[[ DATA EXTRACTS, beginning ]]
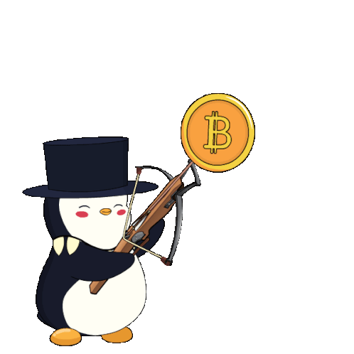 a penguin in a top hat is holding a crossbow and a balloon with a bitcoin symbol on it
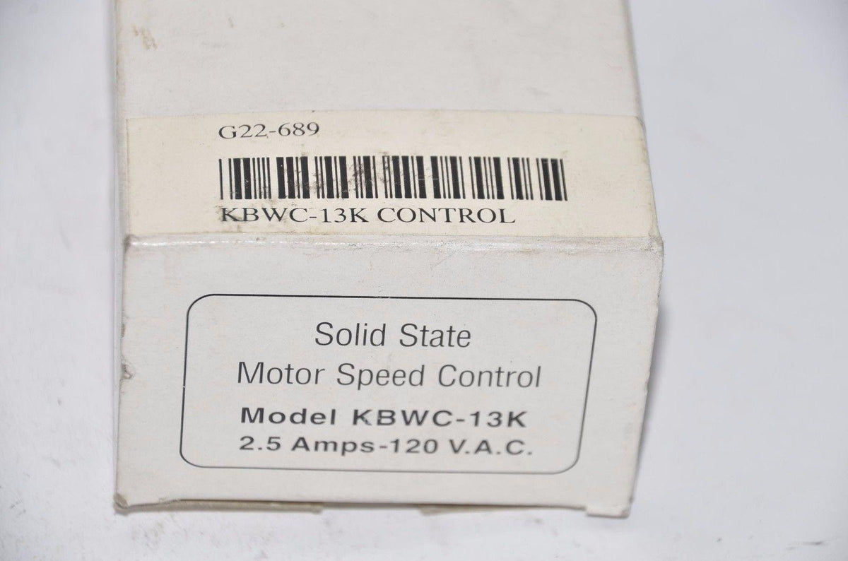 The Kbwc-13K Is A Distributor Packaged Solid State Ac Motor Speed Fan Control. It Is Designed For Mounting In A 2'' X 4'' Electrical Wall Box. It Operates From 115 Vac 50/60 Hz And Has A Maximum Rating Of 2.5 Amps @ 25C. The Kbwc-13K Provides Infinitely Variable Speed Motor Control For Shaded Pole Permanent Split Capacitor And Universal (Ac/Dc) Motors. The Variable Speed Motor Control Contains An On/Off Line Switch A High Gain Rfi Noise Suppression Filter A Minimum Speed Trimpot And A Flame Retardant Abs Enclosure. Applications Include Range Hoods Vibrators Humidifiers Fireplace Blowers Fans Laminar Flow Hoods Heat Tunnels And Stirrers. See Data Sheet D-160 For Optional Features. The ''K'' Suffix Indicates Mounting Kit That Includes Individual Packaging With Dial Plate Knob Mounting Screws Wire Connectors And Instruction.
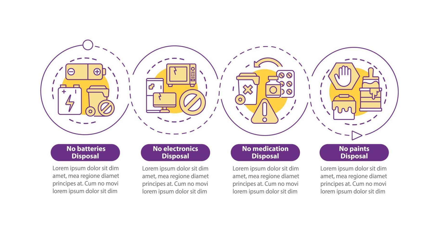 Not accepted waste materials vector infographic template. Presentation outline design elements. Data visualization with 4 steps. Process timeline info chart. Workflow layout with line icons Pro Vector
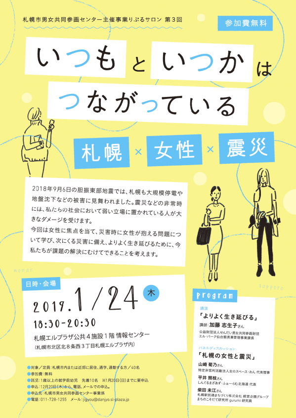 今回は、女性に焦点をあて、せんだい男女共同参画財団の加藤志生子さんから、災害時に女性が抱える問題について学び、札幌市の女性支援団体やまちづくりの会社とともに次にくる災害をよりよく生き延びるために、今できることについて考えるパネルディスカッションを行います。
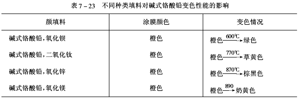 ![]() 另外,填料的品種對示溫涂料的變色性能也有影響。如表7-23所示,填料在不同溫度下,某些活化元素對變色顏料能起一種催化或抑制作用,當加入不同填料時,有導致變色溫度升高或降低的作用。
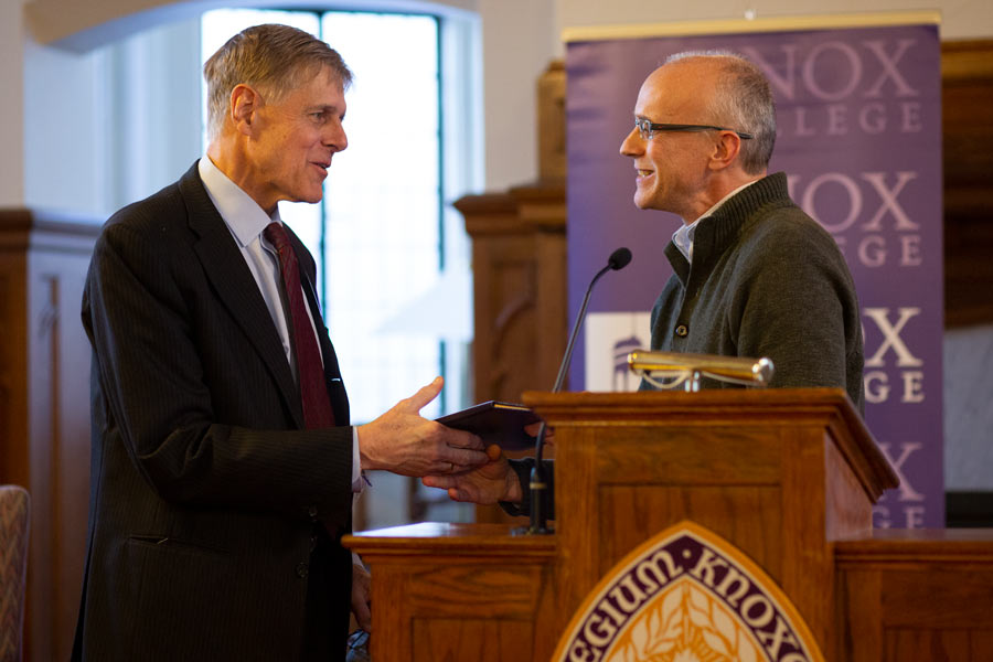 He closed his acceptance speech by advising students to take advantage of the amazing intellectual, foundational knowledge of Knox, “if you take that out into the world, you’ll have a better understanding not only of your purpose here on this Earth, but also of how to make a more positive impact on every human life that you touch.”
[[ DATA EXTRACTS, end ]]
WHAT TO PRODUCE:
No pictures should appear in the answer, which is to be the lines from the line with "今回は、女性に焦点をあて、せ" through the end of the records above, restated exactly.

TASK SOLUTION:
 今回は、女性に焦点をあて、せんだい男女共同参画財団の加藤志生子さんから、災害時に女性が抱える問題について学び、札幌市の女性支援団体やまちづくりの会社とともに次にくる災害をよりよく生き延びるために、今できることについて考えるパネルディスカッションを行います。
 ![]() 另外,填料的品種對示溫涂料的變色性能也有影響。如表7-23所示,填料在不同溫度下,某些活化元素對變色顏料能起一種催化或抑制作用,當加入不同填料時,有導致變色溫度升高或降低的作用。
 He closed his acceptance speech by advising students to take advantage of the amazing intellectual, foundational knowledge of Knox, “if you take that out into the world, you’ll have a better understanding not only of your purpose here on this Earth, but also of how to make a more positive impact on every human life that you touch.”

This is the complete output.